[Entries taken from a collection]
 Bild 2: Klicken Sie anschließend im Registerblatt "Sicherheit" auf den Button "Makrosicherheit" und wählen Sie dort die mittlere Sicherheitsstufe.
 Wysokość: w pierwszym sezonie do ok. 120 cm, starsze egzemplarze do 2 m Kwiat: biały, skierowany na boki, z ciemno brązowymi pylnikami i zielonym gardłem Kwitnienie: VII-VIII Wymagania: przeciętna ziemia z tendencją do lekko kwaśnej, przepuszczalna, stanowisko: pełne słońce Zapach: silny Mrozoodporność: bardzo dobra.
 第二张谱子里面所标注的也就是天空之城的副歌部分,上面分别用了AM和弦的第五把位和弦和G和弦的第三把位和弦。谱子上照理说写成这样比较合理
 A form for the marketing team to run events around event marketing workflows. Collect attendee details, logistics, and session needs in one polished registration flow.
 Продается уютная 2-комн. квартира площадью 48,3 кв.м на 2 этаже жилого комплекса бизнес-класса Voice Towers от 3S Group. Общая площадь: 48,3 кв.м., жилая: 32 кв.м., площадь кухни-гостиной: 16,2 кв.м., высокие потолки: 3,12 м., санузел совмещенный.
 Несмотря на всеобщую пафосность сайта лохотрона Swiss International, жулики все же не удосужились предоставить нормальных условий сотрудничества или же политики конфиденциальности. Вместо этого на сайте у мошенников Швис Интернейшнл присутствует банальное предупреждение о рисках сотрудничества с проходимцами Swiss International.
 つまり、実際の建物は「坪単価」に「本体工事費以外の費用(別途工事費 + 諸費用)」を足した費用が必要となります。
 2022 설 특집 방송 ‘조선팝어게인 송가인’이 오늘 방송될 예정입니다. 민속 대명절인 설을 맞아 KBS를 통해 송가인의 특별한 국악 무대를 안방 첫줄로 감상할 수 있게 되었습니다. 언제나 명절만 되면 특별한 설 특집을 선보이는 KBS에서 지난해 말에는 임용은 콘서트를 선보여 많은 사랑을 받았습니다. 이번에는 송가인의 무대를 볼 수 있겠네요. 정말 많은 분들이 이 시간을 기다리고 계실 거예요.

- _Problem to solve_: Return the entries above exactly as they were written.

- _Answer area_:
 Bild 2: Klicken Sie anschließend im Registerblatt "Sicherheit" auf den Button "Makrosicherheit" und wählen Sie dort die mittlere Sicherheitsstufe.
 Wysokość: w pierwszym sezonie do ok. 120 cm, starsze egzemplarze do 2 m Kwiat: biały, skierowany na boki, z ciemno brązowymi pylnikami i zielonym gardłem Kwitnienie: VII-VIII Wymagania: przeciętna ziemia z tendencją do lekko kwaśnej, przepuszczalna, stanowisko: pełne słońce Zapach: silny Mrozoodporność: bardzo dobra.
 第二张谱子里面所标注的也就是天空之城的副歌部分,上面分别用了AM和弦的第五把位和弦和G和弦的第三把位和弦。谱子上照理说写成这样比较合理
 A form for the marketing team to run events around event marketing workflows. Collect attendee details, logistics, and session needs in one polished registration flow.
 Продается уютная 2-комн. квартира площадью 48,3 кв.м на 2 этаже жилого комплекса бизнес-класса Voice Towers от 3S Group. Общая площадь: 48,3 кв.м., жилая: 32 кв.м., площадь кухни-гостиной: 16,2 кв.м., высокие потолки: 3,12 м., санузел совмещенный.
 Несмотря на всеобщую пафосность сайта лохотрона Swiss International, жулики все же не удосужились предоставить нормальных условий сотрудничества или же политики конфиденциальности. Вместо этого на сайте у мошенников Швис Интернейшнл присутствует банальное предупреждение о рисках сотрудничества с проходимцами Swiss International.
 つまり、実際の建物は「坪単価」に「本体工事費以外の費用(別途工事費 + 諸費用)」を足した費用が必要となります。
 2022 설 특집 방송 ‘조선팝어게인 송가인’이 오늘 방송될 예정입니다. 민속 대명절인 설을 맞아 KBS를 통해 송가인의 특별한 국악 무대를 안방 첫줄로 감상할 수 있게 되었습니다. 언제나 명절만 되면 특별한 설 특집을 선보이는 KBS에서 지난해 말에는 임용은 콘서트를 선보여 많은 사랑을 받았습니다. 이번에는 송가인의 무대를 볼 수 있겠네요. 정말 많은 분들이 이 시간을 기다리고 계실 거예요.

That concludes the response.